How Is HVO Fuel Made?

It is useful to understand how is HVO fuel made to better comprehend why it is such a premium fuel with benefits to both engines and the environment.

Hydrotreated vegetable oil is made from waste products containing carbon like wood waste, used cooking oil, waste animal fats, pitch, and tallow.

How Is HVO Fuel Made

These feedstocks are cracked and reacted with hydrogen, so hydrogenated, to obtain a synthetic fuel which is like kerosene density-wise and chemically similar to mineral diesel although more consistent and clean-burning.

You can see the comparison on this Neste video:

Some key differences:

  • There isn’t any oxygen within HVO, so it has fantastic stability for long term fuel storage without growing algae or clouding in cold weather. It is made differently from FAME biodiesel and is markedly superior.
  • Because it is not really a ‘natural’ product like normal fossil diesel, HVO contains consistent length molecule chains, no sulphur and almost no aromatics, it burns much cleaner than normal DERV so is good for your engine with much lower soot levels.
  • Has a higher cetane number than standard diesel and a higher flash point.
Certainly you will notice the smoothness of using renewable diesel immediately, especially in smaller cars and vans with a manual gear box.

Good News For Refineries!

It will probably have struck you by now, as researching how is HVO fuel made, that petrochemical refineries can fairly easily change a distillation column or cracker to making HVO instead of cracking fossil crude oil.

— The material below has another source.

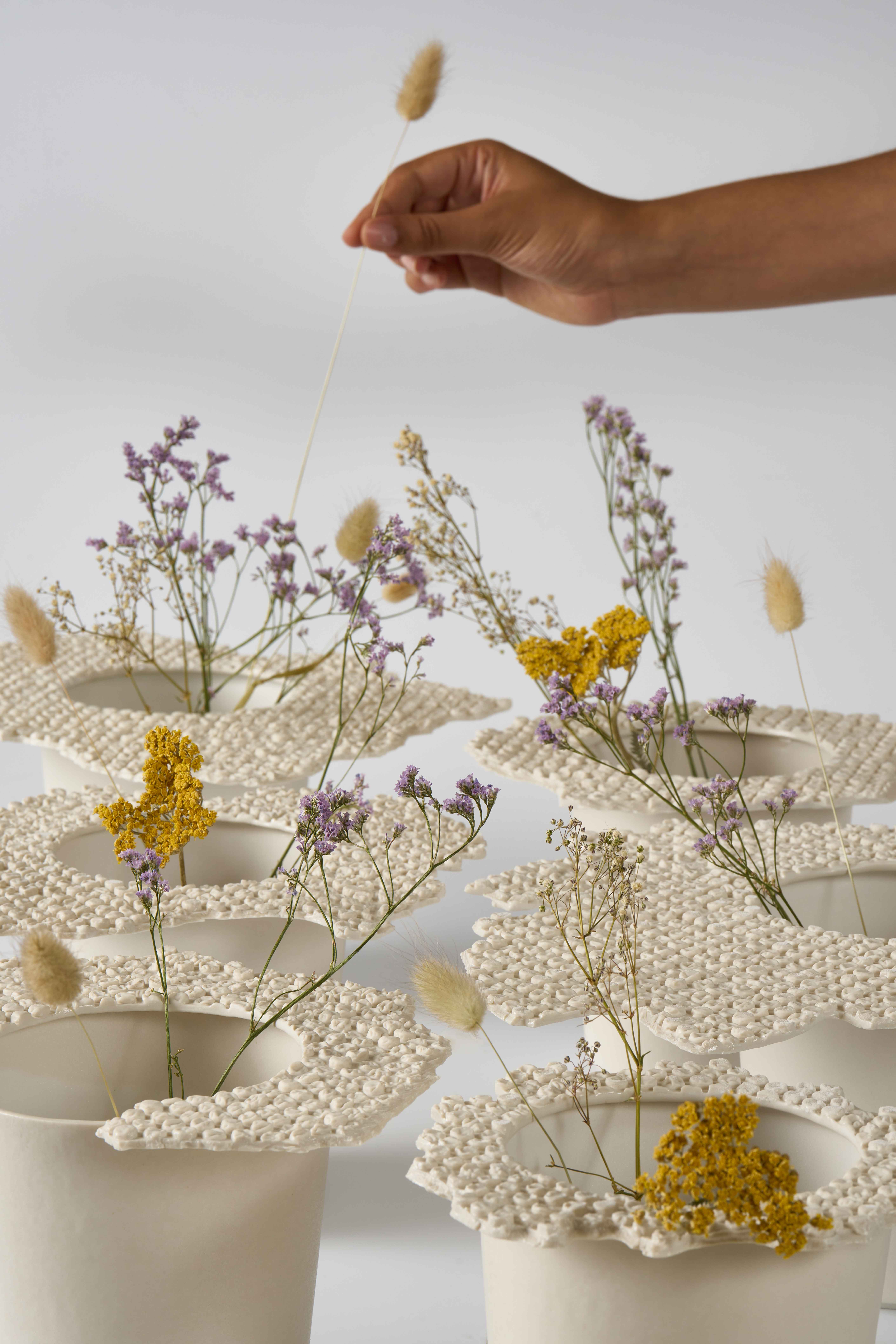 Porcelain Wrap is a limited series of provocative sculptural vases with a pure aesthetic that responds to the opportunities in the making process. This series contrasts the protective and disposable texture of bubble wrap with the delicate preciousness of porcelain resulting in irresistibly tactile pieces. The series of vases gives a preciousness to a texture designed for protection and this contradiction results in dynamic and often uneasy outcomes.

This is in fact what is happening in the UK on the Humber and across the world in France, Finland, Holland and the USA with sites gearing up to refine waste instead of fossil crude oil.

HVO diesel production refinery

Many heavy lorries are using HVO fuel already, this is in part because it is getting cheaper and more plentiful and there is no hassle of changing fuel tanks or engines because you can mix it readily with normal diesel.

Because HVO is made from waste, the local councils, haulage, plant hire, and construction firms that are using HVO are in fact enjoying a 90% cut in net greenhouse gas emissions!

They are saving 2.2kg of carbon per litre burned, using less AdBlue, drastically cutting air pollution and as there is an 80% cut in particulates and soot, well they hardly need DPF filters anymore!